Relations between fluxes of the upper glucose metabolism. Results of the ¹³C-MFA are displayed as an ellipse with their 68% confidence interval (±one standard deviation of the mean). Dark blue ellipses with yellow circles indicate untreated granulocytes (n = 10), green ellipses with red triangles granulocytes stimulated with E. coli bioparticles (n = 10), light blue ellipses with beige circles PMA + DPI-stimulated neutrophils (n = 3), and green ellipses with magenta triangles PMA-stimulated neutrophils (n = 5).
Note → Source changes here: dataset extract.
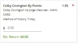 Colby Covington by Decision - Stake 2 Units, Minimum Odds 1.8, Best Book - Lads/Neds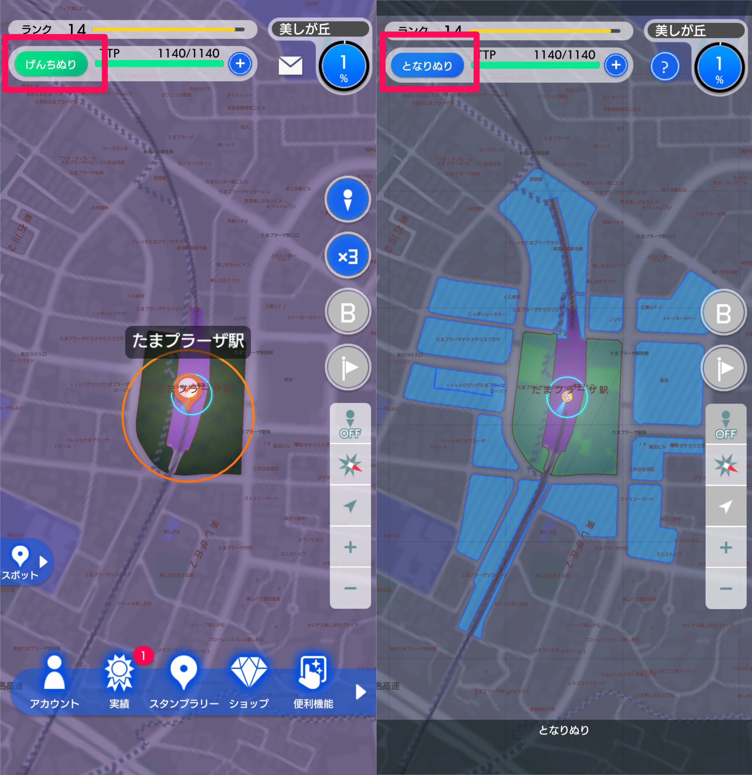 塗り方には「げんちぬり」と「となりぬり」の2種類があります。「げんちぬり」は、実際に現地へ行って記録された街区を塗る方法です。「となりぬり」は、TTP(テクテクポイント)を消費して、すでに塗った街区の“隣”を塗り広げる方法。旅行や出張で現地を少し塗っておくと、自宅からでも「となりぬり」で広げられます。TTPは時間で回復し、まとめて回復したいときは「歩行石」を使います。街区の広さによって必要ポイントが変わるため、効率よくTTPを獲得できる地域を探したり、塗りやすいルートを考えたりと、戦略的な楽しみもあります。

Symbols indicate the posterior mean of ¹³C-MFA data sets. ¹³C-MFA of granulocytes was performed with ¹³C labeling data obtained from parallel tracer experiments and subsequent GC−MS measurements. Neutrophil data were obtained by applying our ¹³C-MFA routine to LC−MS data from the recent publication of Britt et al. The gray area represents the valid range based on the model structure without fitting of ¹³C labeling data. In the center graph at the top right, we added the PCA score plot of the first two principal components for comparison. The red dotted line indicates the separation between stimulated granulocytes and non-activated granulocytes. Oxidative PPP: Z3; non-oxidative PPP: ∆TAL, ∆TKT1, Q4 (R5P loss); glycolytic fluxes: ∆Q2 (triose phosphate formation), Q11 (glycolytic triose utilization).

Figure 12

Metabolic states of granulocytes/neutrophils identified by the first three principal components (PC) of PCA exploring ¹³C-MFA data (n = 28, ∑_fluxes = 9). Contribution of each PC to the total variance indicated within parenthesis. The first three PCs amounted to ~99.6% of the variance.